> [What is needed]: Your task is to extract every entry that follows word for word while excluding the pictures.

┌──

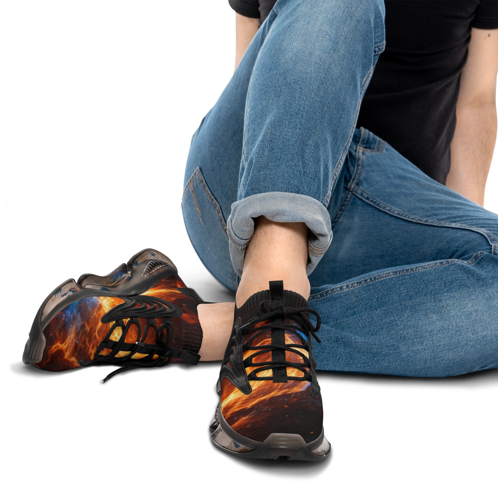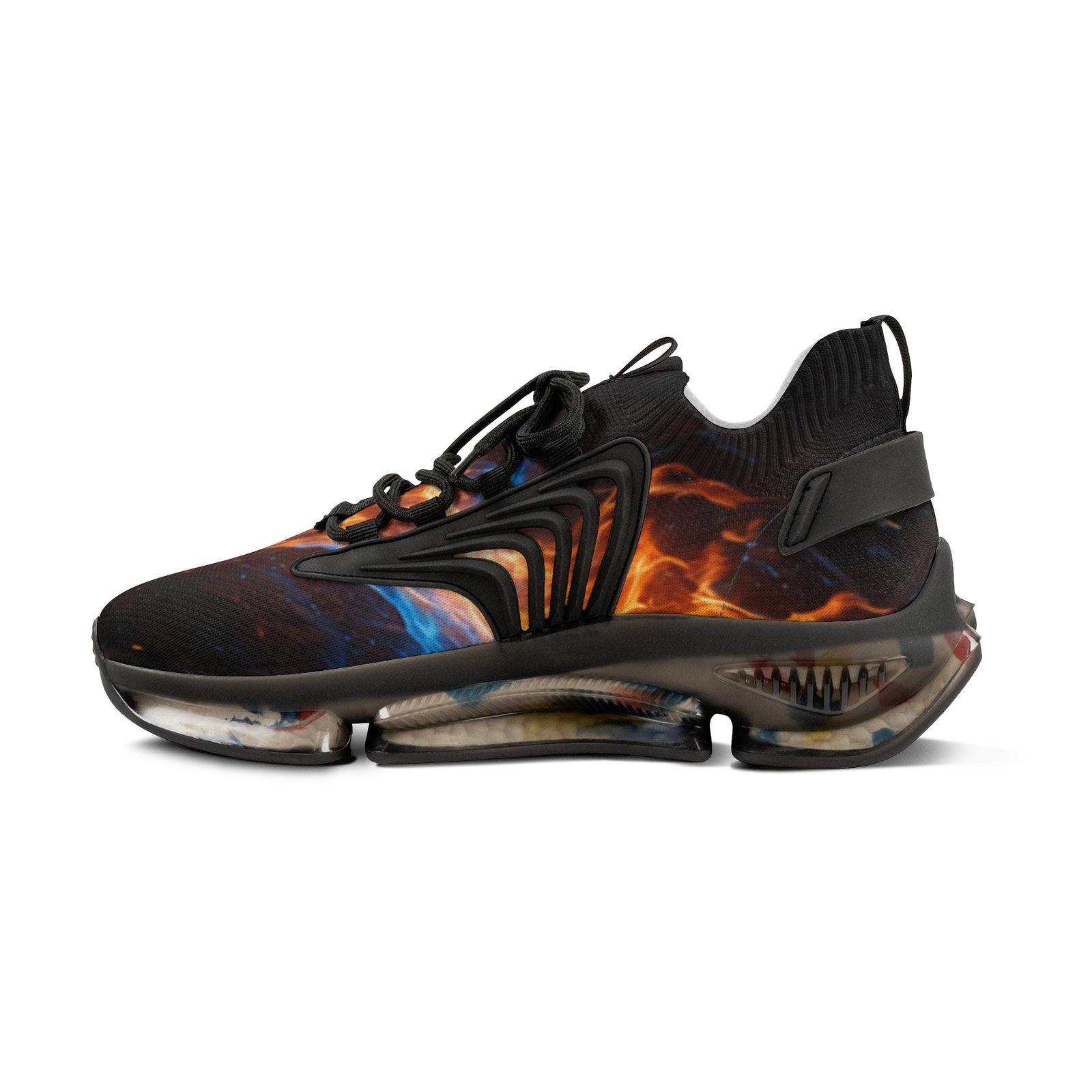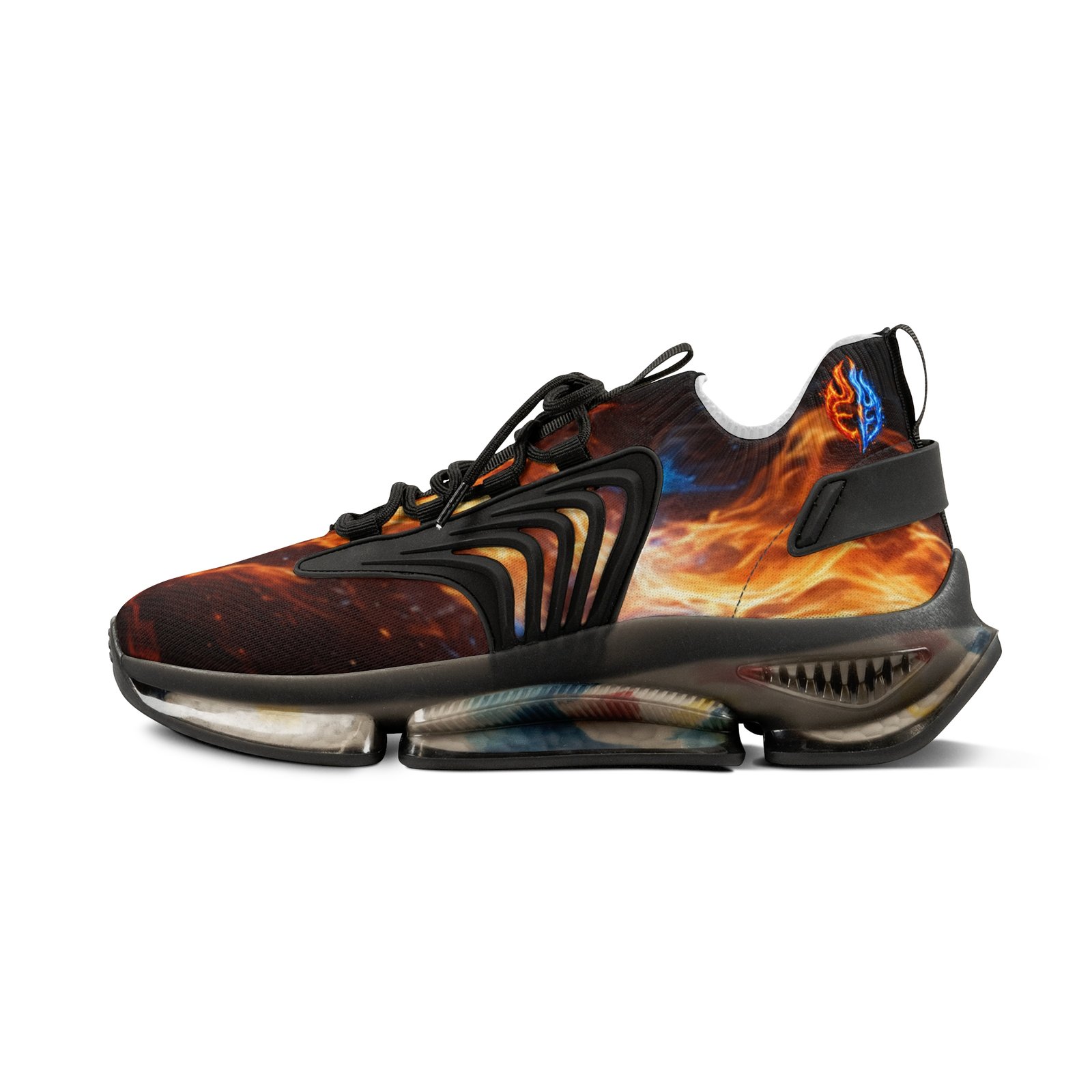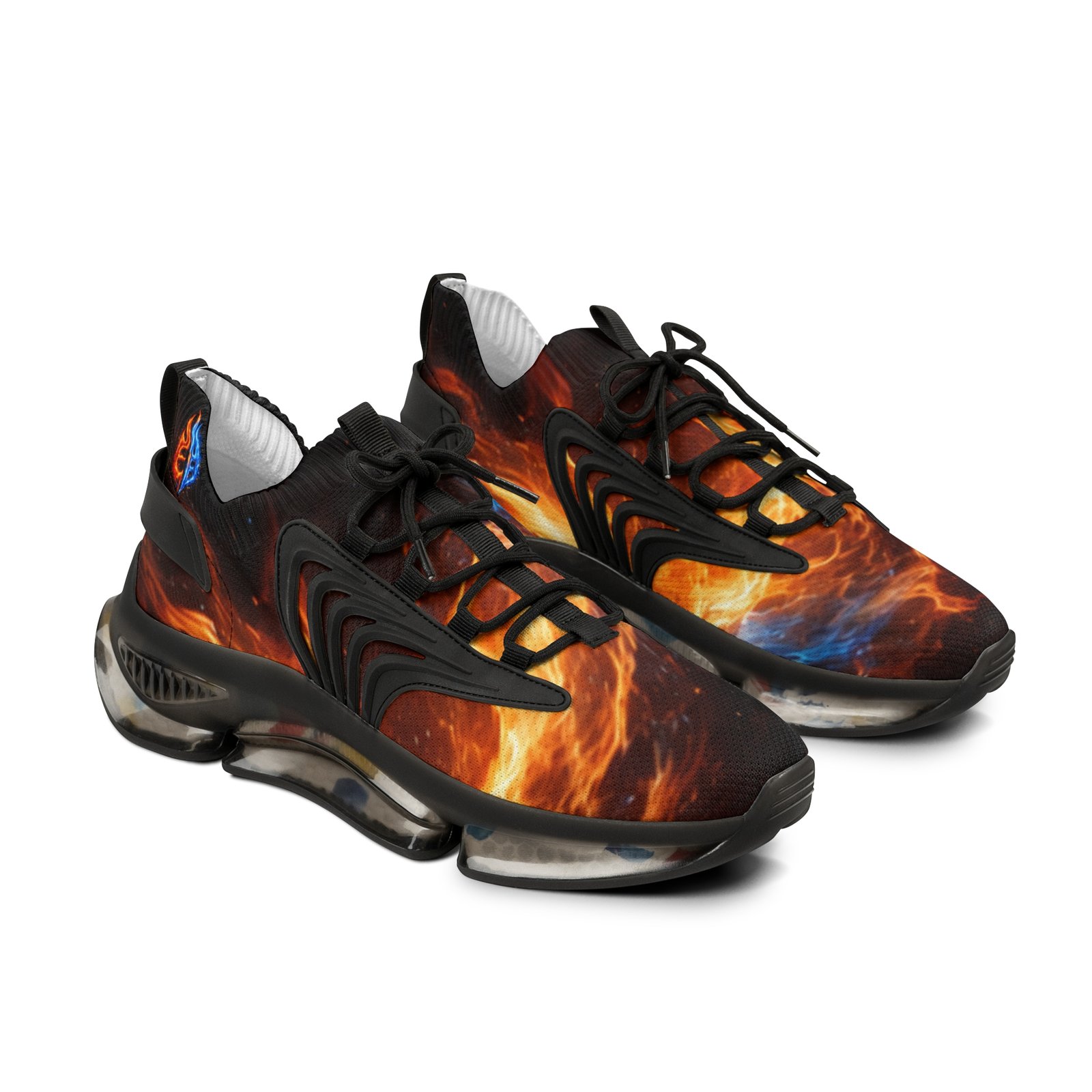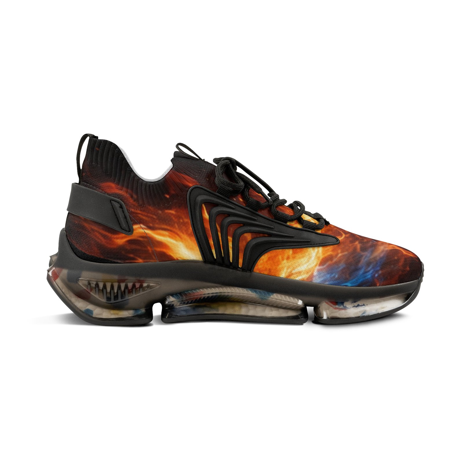 Lightweight mesh sneakers that blend bold, dynamic graphics with everyday comfort. The breathable knit upper carries an all-over fiery print that feels energetic and expressive. A soft, deodorant memory-foam insole cushions each step and helps keep feet cool. The EVA-backed sole with TPU shock-absorbing layer adds flexible support while KPU overlays reinforce high-wear areas for weather-ready durability. Clean lace-up styling and contrasting black or white detailing let the design pop, whether you’re pacing city streets or heading out for a weekend of creative errands. Product features – All-over print on breathable mesh-knit polyester upper – Deodorant memory-foam insole for breathability and cushioning – EVA + TPU sole with shock-absorbing layer for lightweight support – Durable KPU (polyurethane elastomer) decorative overlays – Lace-up closure with black or white detailing and matching stitching Care instructions – To maintain clean, use warm water with dish soap to clean off any dirt spots. It’s not necessary to soak the whole item. For hard-to-clean spots, use a soft-bristled brush.
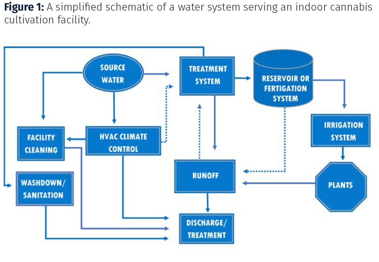 Water is a critical resource for cannabis cultivation operations no matter the cultivation method; whether grown outdoors, in a greenhouse, or in a warehouse, cannabis requires water throughout all stages of plant growth for various applications. Some of these uses include irrigation for cultivation, water for heating and cooling processes such as hydronic heating systems and wet wall cooling systems (1), fogging for humidification processes, fogging for application of pest management solutions, and water used for cleaning activities.
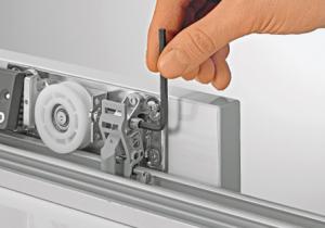 Ukryty system do drzwi przesuwnych pozwala na wyjątkowo lekkie i równomierne przesuwanie drzwi o dużej powierzchni i ciężarze do 80 kg. TopLine XL to połączenie doskonałej jakości i dopracowanego wzornictwa. Nowa generacja amortyzatorów gwarantuje komfort użytkowania w całkowicie nowym wymiarze: wyhamowanie w kierunku otwierania i zamykania, w szafach 3-drzwiowych w obu kierunkach oraz przy jednoczesnym otwarciu zewnętrznych drzwi (amortyzacja kolizji). Szybki montaż i możliwości regulacji ułatwiają zastosowanie ciężkich drzwi.
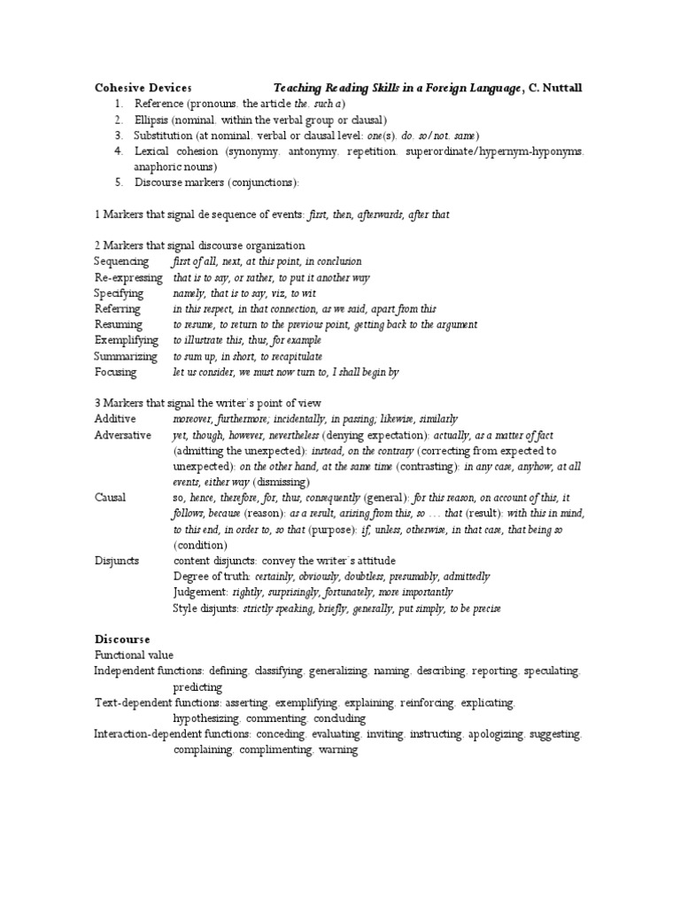 Cohesive Devices Teaching Reading Skills in a Foreign Language, C.
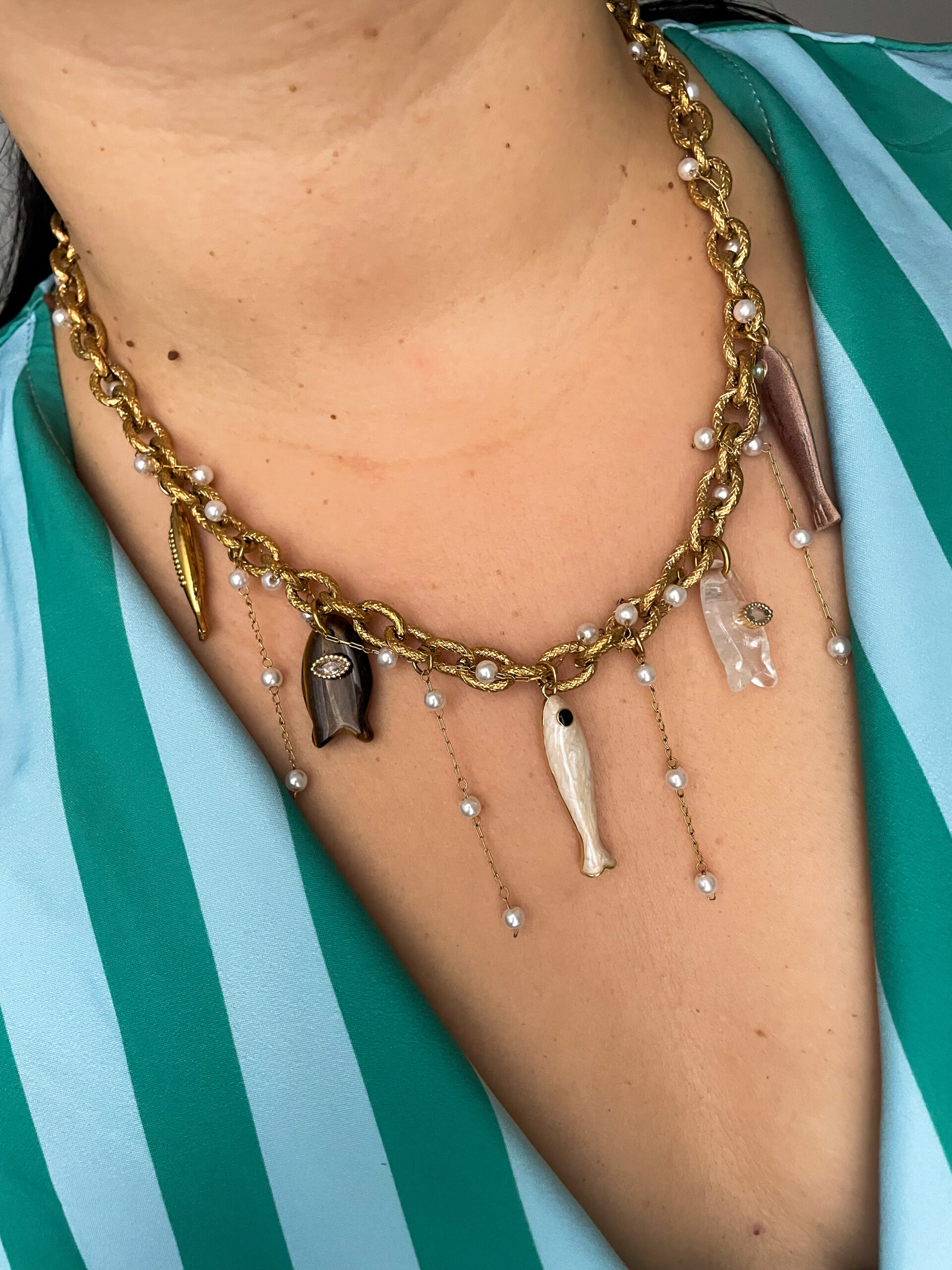 Una cadena de acero inoxidable con acabado dorado que se entrelaza con delicadas mini perlitas, creando un juego de luz sutil y elegante.
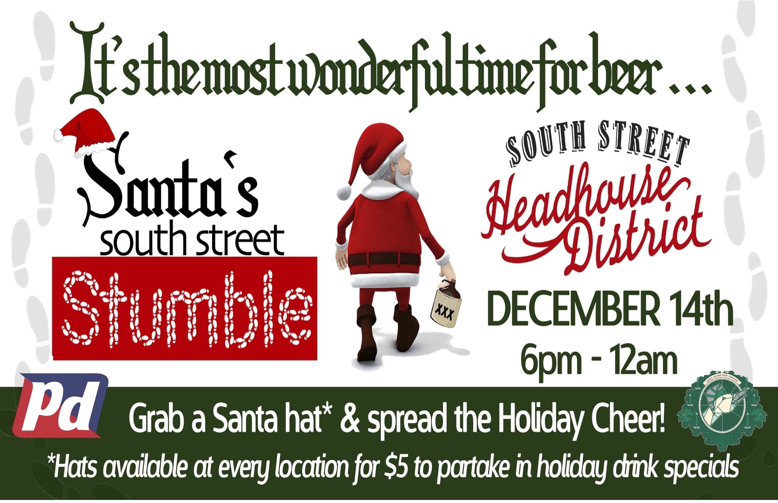 It’s the most wonderful time for beer! South Street Headhouse District will be filled with the sounds of jolly laughter as hundreds of Santas partake in the annual Santa’s South Street Stumble on Saturday, December 14, 2013, from 6:00pm to Midnight. For only $5.00, guests will receive a special SSHD Santa hat, available at the Headhouse Square Shambles until 9pm or at any participating bar, that entitles them to discounted drinks and cocktails at 13 bars and restaurants. Proceeds will benefit the John S. and James L. Knight Foundation, Knight Arts Challenge Grant. Stumble will happen rain or shine, and is open to participants 21 and older with valid identification. For a list of participating bars and restaurants, visit southstreet.com, call (215) 413-3713 or follow @officialsouthst on Twitter.

└──

> [Your solution]:
 Lightweight mesh sneakers that blend bold, dynamic graphics with everyday comfort. The breathable knit upper carries an all-over fiery print that feels energetic and expressive. A soft, deodorant memory-foam insole cushions each step and helps keep feet cool. The EVA-backed sole with TPU shock-absorbing layer adds flexible support while KPU overlays reinforce high-wear areas for weather-ready durability. Clean lace-up styling and contrasting black or white detailing let the design pop, whether you’re pacing city streets or heading out for a weekend of creative errands. Product features – All-over print on breathable mesh-knit polyester upper – Deodorant memory-foam insole for breathability and cushioning – EVA + TPU sole with shock-absorbing layer for lightweight support – Durable KPU (polyurethane elastomer) decorative overlays – Lace-up closure with black or white detailing and matching stitching Care instructions – To maintain clean, use warm water with dish soap to clean off any dirt spots. It’s not necessary to soak the whole item. For hard-to-clean spots, use a soft-bristled brush.
 Water is a critical resource for cannabis cultivation operations no matter the cultivation method; whether grown outdoors, in a greenhouse, or in a warehouse, cannabis requires water throughout all stages of plant growth for various applications. Some of these uses include irrigation for cultivation, water for heating and cooling processes such as hydronic heating systems and wet wall cooling systems (1), fogging for humidification processes, fogging for application of pest management solutions, and water used for cleaning activities.
 Ukryty system do drzwi przesuwnych pozwala na wyjątkowo lekkie i równomierne przesuwanie drzwi o dużej powierzchni i ciężarze do 80 kg. TopLine XL to połączenie doskonałej jakości i dopracowanego wzornictwa. Nowa generacja amortyzatorów gwarantuje komfort użytkowania w całkowicie nowym wymiarze: wyhamowanie w kierunku otwierania i zamykania, w szafach 3-drzwiowych w obu kierunkach oraz przy jednoczesnym otwarciu zewnętrznych drzwi (amortyzacja kolizji). Szybki montaż i możliwości regulacji ułatwiają zastosowanie ciężkich drzwi.
 Cohesive Devices Teaching Reading Skills in a Foreign Language, C.
 Una cadena de acero inoxidable con acabado dorado que se entrelaza con delicadas mini perlitas, creando un juego de luz sutil y elegante.
 It’s the most wonderful time for beer! South Street Headhouse District will be filled with the sounds of jolly laughter as hundreds of Santas partake in the annual Santa’s South Street Stumble on Saturday, December 14, 2013, from 6:00pm to Midnight. For only $5.00, guests will receive a special SSHD Santa hat, available at the Headhouse Square Shambles until 9pm or at any participating bar, that entitles them to discounted drinks and cocktails at 13 bars and restaurants. Proceeds will benefit the John S. and James L. Knight Foundation, Knight Arts Challenge Grant. Stumble will happen rain or shine, and is open to participants 21 and older with valid identification. For a list of participating bars and restaurants, visit southstreet.com, call (215) 413-3713 or follow @officialsouthst on Twitter.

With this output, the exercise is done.